*PROBLEM TO WORK ON:*
Your answer should be only the lines below from the one with "Table bois avec" to the one with "- Compatible with", repeated exactly, ends included.

*MATERIAL SHOWN:*
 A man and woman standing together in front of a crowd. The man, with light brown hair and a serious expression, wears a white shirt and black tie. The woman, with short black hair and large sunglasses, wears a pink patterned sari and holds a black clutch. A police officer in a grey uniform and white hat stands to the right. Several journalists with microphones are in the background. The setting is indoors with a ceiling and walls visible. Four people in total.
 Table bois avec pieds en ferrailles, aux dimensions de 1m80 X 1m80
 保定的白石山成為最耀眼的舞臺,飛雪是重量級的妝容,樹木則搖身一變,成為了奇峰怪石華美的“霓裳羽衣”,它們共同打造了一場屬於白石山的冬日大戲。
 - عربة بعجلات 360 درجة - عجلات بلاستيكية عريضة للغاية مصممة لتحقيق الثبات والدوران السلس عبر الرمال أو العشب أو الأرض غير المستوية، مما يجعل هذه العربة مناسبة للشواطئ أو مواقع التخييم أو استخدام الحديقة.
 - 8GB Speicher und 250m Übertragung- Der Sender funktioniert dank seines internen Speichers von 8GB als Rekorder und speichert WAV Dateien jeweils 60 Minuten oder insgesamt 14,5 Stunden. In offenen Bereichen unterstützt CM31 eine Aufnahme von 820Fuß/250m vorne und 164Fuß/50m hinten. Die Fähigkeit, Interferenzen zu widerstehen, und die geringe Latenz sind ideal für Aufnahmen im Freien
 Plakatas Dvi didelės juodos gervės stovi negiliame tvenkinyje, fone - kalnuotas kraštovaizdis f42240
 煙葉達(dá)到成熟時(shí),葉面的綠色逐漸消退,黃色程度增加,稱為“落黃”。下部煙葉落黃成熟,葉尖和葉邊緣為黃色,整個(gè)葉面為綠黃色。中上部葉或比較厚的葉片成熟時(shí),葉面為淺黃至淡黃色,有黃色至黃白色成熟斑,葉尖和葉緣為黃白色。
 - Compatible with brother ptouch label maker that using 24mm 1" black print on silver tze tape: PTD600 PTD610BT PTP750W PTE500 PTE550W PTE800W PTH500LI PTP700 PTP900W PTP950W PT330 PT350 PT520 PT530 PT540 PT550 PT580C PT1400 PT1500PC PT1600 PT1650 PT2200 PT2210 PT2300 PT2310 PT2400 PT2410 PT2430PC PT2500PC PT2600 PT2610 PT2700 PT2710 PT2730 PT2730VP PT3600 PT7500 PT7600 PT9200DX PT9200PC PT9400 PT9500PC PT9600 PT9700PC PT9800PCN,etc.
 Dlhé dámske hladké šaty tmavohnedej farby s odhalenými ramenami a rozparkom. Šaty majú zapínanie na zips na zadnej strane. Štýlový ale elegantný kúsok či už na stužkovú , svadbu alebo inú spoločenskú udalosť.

*EXPECTED OUTPUT:*
 Table bois avec pieds en ferrailles, aux dimensions de 1m80 X 1m80
 保定的白石山成為最耀眼的舞臺,飛雪是重量級的妝容,樹木則搖身一變,成為了奇峰怪石華美的“霓裳羽衣”,它們共同打造了一場屬於白石山的冬日大戲。
 - عربة بعجلات 360 درجة - عجلات بلاستيكية عريضة للغاية مصممة لتحقيق الثبات والدوران السلس عبر الرمال أو العشب أو الأرض غير المستوية، مما يجعل هذه العربة مناسبة للشواطئ أو مواقع التخييم أو استخدام الحديقة.
 - 8GB Speicher und 250m Übertragung- Der Sender funktioniert dank seines internen Speichers von 8GB als Rekorder und speichert WAV Dateien jeweils 60 Minuten oder insgesamt 14,5 Stunden. In offenen Bereichen unterstützt CM31 eine Aufnahme von 820Fuß/250m vorne und 164Fuß/50m hinten. Die Fähigkeit, Interferenzen zu widerstehen, und die geringe Latenz sind ideal für Aufnahmen im Freien
 Plakatas Dvi didelės juodos gervės stovi negiliame tvenkinyje, fone - kalnuotas kraštovaizdis f42240
 煙葉達(dá)到成熟時(shí),葉面的綠色逐漸消退,黃色程度增加,稱為“落黃”。下部煙葉落黃成熟,葉尖和葉邊緣為黃色,整個(gè)葉面為綠黃色。中上部葉或比較厚的葉片成熟時(shí),葉面為淺黃至淡黃色,有黃色至黃白色成熟斑,葉尖和葉緣為黃白色。
 - Compatible with brother ptouch label maker that using 24mm 1" black print on silver tze tape: PTD600 PTD610BT PTP750W PTE500 PTE550W PTE800W PTH500LI PTP700 PTP900W PTP950W PT330 PT350 PT520 PT530 PT540 PT550 PT580C PT1400 PT1500PC PT1600 PT1650 PT2200 PT2210 PT2300 PT2310 PT2400 PT2410 PT2430PC PT2500PC PT2600 PT2610 PT2700 PT2710 PT2730 PT2730VP PT3600 PT7500 PT7600 PT9200DX PT9200PC PT9400 PT9500PC PT9600 PT9700PC PT9800PCN,etc.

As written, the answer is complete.